You will learn foundational data science techniques including basic probability and statistics, supervised machine learning algorithms (such as Naive Bayes, linear and logistic regression, decision trees, and random forests), feature engineering, working with Python libraries, principles of model selection and evaluation (including cross-validation), and considerations around fairness and bias in machine learning applications. We’ll also touch on text mining techniques and explore generative AI.

Course format: Lecture content is delivered asynchronously through video. Friday sessions are hands-on labs where you’ll apply techniques to real datasets with instructor support.

Note: This course primarily focuses on foundational supervised learning techniques.

Note: Knowledge of Python is assumed.

Course Objectives

After completing this course, students will be able to:

  1. Apply basic probability concepts and relate them to uncertainty in predictions
  2. Implement standard machine learning algorithms (linear regression, logistic regression, decision trees, random forest)
  3. Select and evaluate models using cross-validation and appropriate performance metrics
  4. Engineer features from raw data to improve model performance
  5. Identify and address fairness considerations in machine learning applications

Prerequisites

Minimum grade of C- in MATH115 and STAT100; minimum C- in INST126 or GEOG276; minimum C- in INST201, INST301, or BSOS233; minimum C- in a social science course (AASP101, ANTH210, ECON200, GVPT170, PSYC100, SOCY100, etc.); and minimum C- in BSOS233 or INST314.

Technical Requirements

  • A laptop capable of running Python (bring to Friday labs)
  • No software purchases required — we use free, open-source tools
  • Access to ELMS for async lecture videos, assignments, and announcements

Working with Lab Notebooks

Lab notebooks open in Google Colab directly from the links below.
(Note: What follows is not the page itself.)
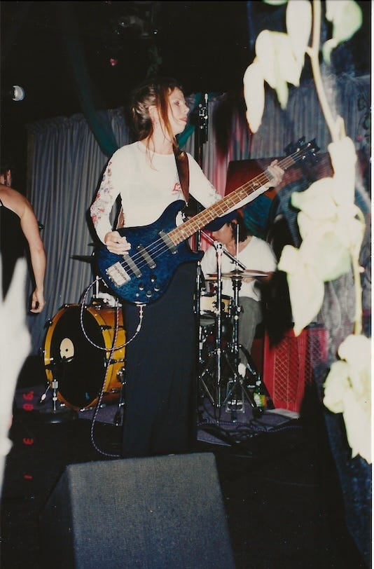Another layer: my future ex-husband was sleeping with our devout lesbian benefactor. I had been in love with him for a year or two, only to be spurned by useless fan-girls who came around after our shows flaunting fake cleavage and lipo. Plus, he had recently broken up with the bass player, Lisa, whose own sapphic tendencies inspired some of the best songs she ever wrote.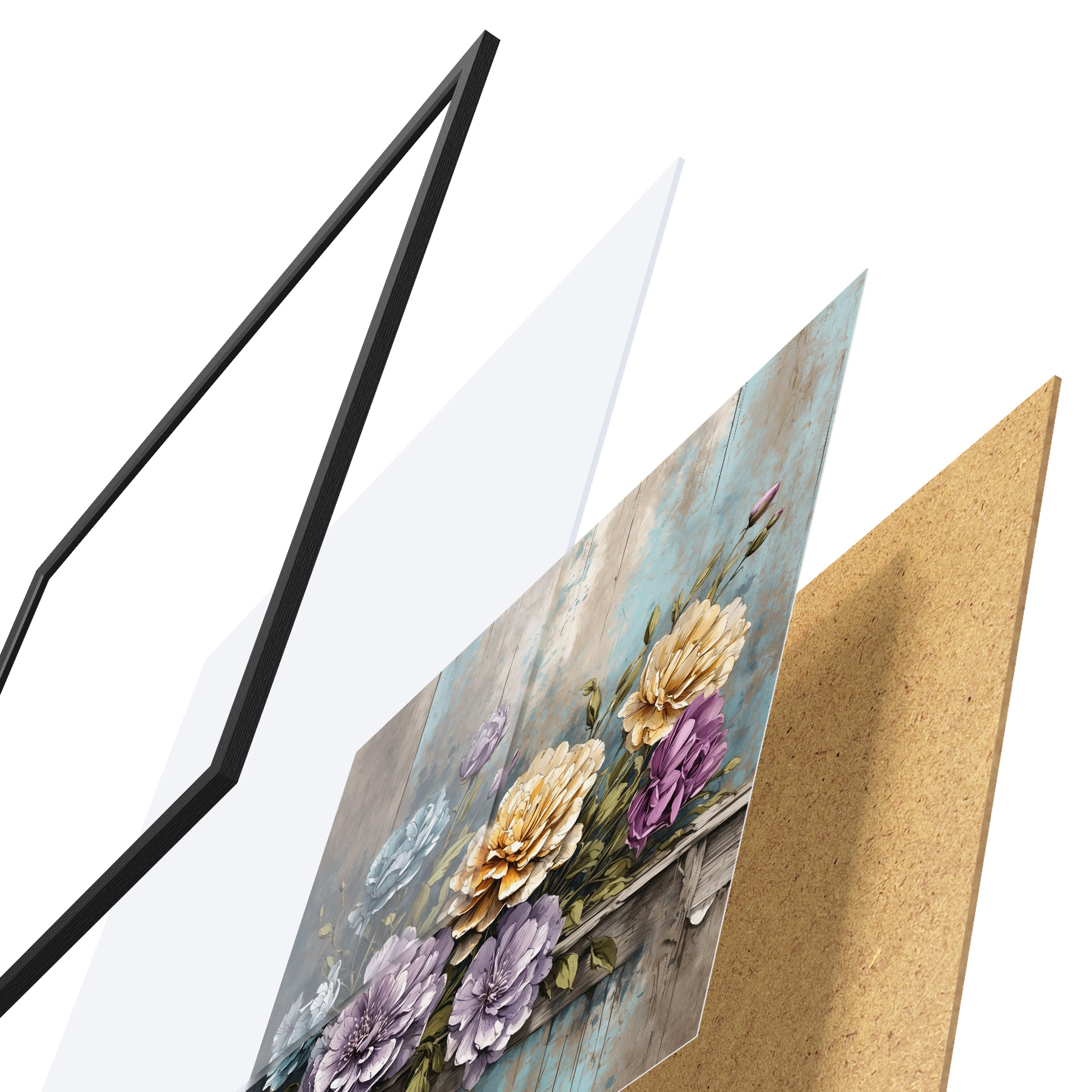 Plakatą sudaro rėmas, pleksiklas, atspausdintas vaizdas ir medžio drožlių plokštės pagrindas. Plakatą galima iš karto pakabinti ant sienos dėl kitoje pusėje esančių laikiklių.

Important: When you open a lab notebook, immediately click File → Save a copy in Drive. This creates your own version in your Google Drive that you can edit and save.

If you skip this step, your work will not be saved.
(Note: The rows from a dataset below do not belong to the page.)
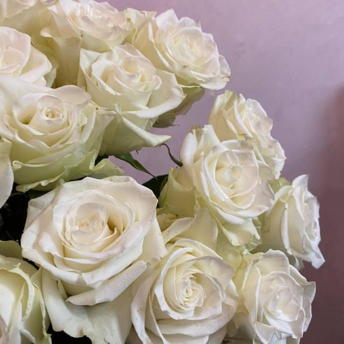 белая одноголовая роза mia star – 15 шт.Атласная лента – 1 шт.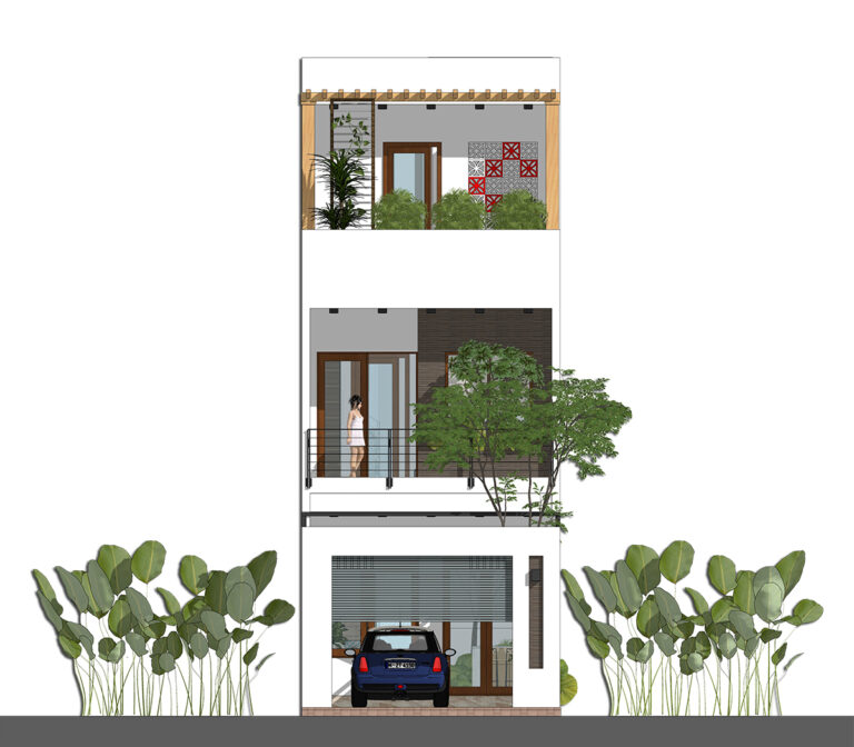 nhà ở diện tích nhỏ 5mx13,5m 4 phòng ngủ. Thiết kế lệch tầng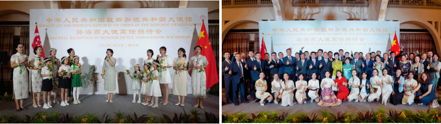 據中國駐新加坡大使館網站7月27日消息,7月26日,孫海燕大使在新加坡富麗敦海灣酒店舉行離任招待會。新加坡政府、商界、僑團、媒體、文化團體代表和各國使節等500多人出席。
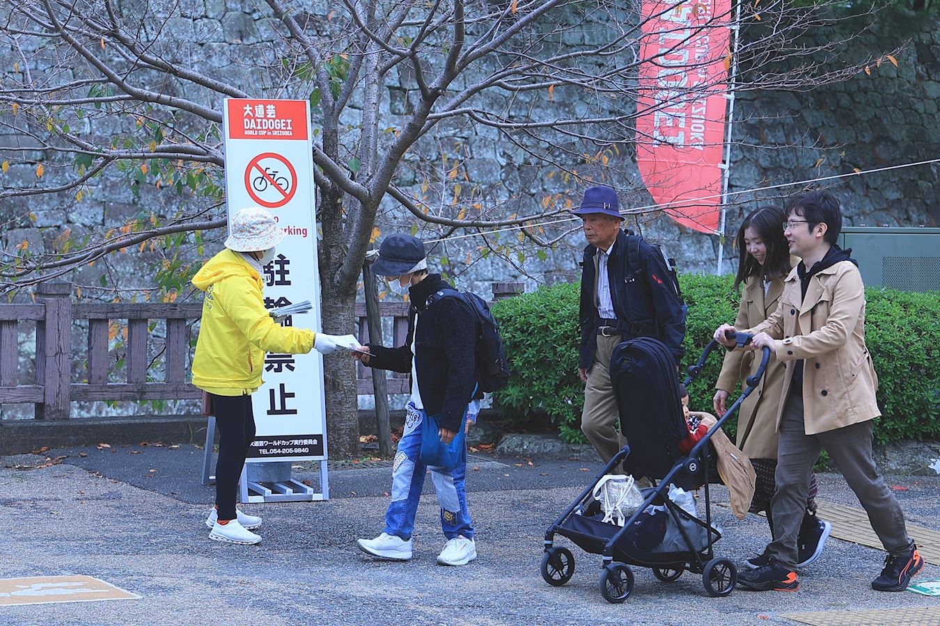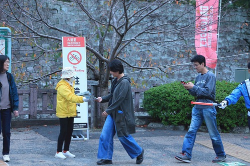 Distributing information about Falun Dafa near Sumpu Castle Park, the main venue of the Daidogei World Cup.
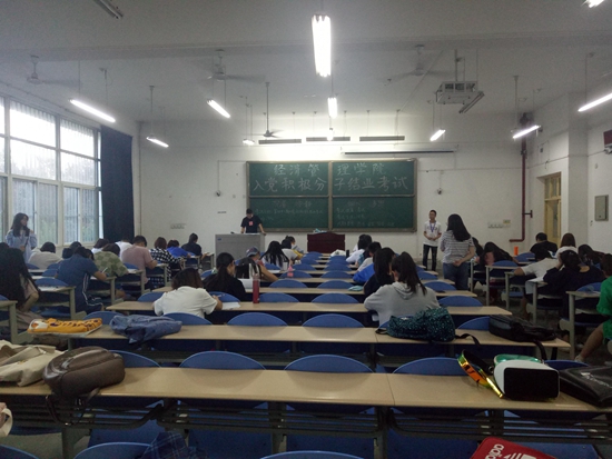 第四十一期入党积极分子培训班结业考试在鄠邑校区教学B区101、102、103教室顺利进行。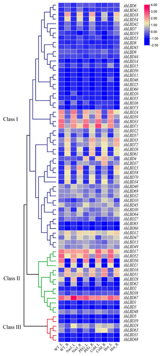 Expression profiles of AhLBDs under 2% Nacl, 20%PEG 6000, 4 °C cold, 37 °C hot with leaf and root. The gene names are shown on the right. Class I, II, and III represent three groups according to the phylogenetic tree. Scale bars on the right represent log2 (FPKM+1).

Turn off AI assistance: Go to Settings → AI Assistance and uncheck everything. AI-generated code is not allowed on assignments in this course.

Assessment

Homework Assignments (30%) Four homework assignments throughout the semester that build on lecture and lab content. Assignments will be distributed and submitted through ELMS.
Weekly Quizzes (20%) 10 weekly quizzes covering lecture material. These are administered through ELMS.
Midterm Exam (25%) Covers material from Weeks 1-8 (probability through random forests). Scheduled for Week 9 (4/3).
Final Project or Exam (25%) Details to come.

Weekly Schedule

Week 1 (1/30): Data Science Background


Week 2 (2/6): Probability


Week 3 (2/13): Conditional Probability

Problem Set 1 Out


Week 4 (2/20): Bayes Theorem / Making Predictions


Week 5 (2/27): Performance Metrics / Naive Bayes

Problem Set 1 Due


Week 6 (3/6): Linear and Logistic Regression

Problem Set 2 Out


Week 7 (3/13): Overfitting / Decision Trees


Spring Break (3/20): No Class


Week 8 (3/27): Random Forest / Gradient Boosting

Problem Set 2 Due


Week 9 (4/3): Midterm (No Lab)


Week 10 (4/10): Fairness

Problem Set 3 Out


Week 11 (4/17): Sources of Bias, Part I


Week 12 (4/24): Sources of Bias, Part II

Problem Set 3 Due / Problem Set 4 Out


Week 13 (5/1): Text Mining


Week 14 (5/8): Text Mining / Generative AI

Problem Set 4 Due


Course Policies

Communications

ELMS — Official course site for video lectures, materials, assignments, announcements, and grades. Make sure your email and announcement notifications are enabled.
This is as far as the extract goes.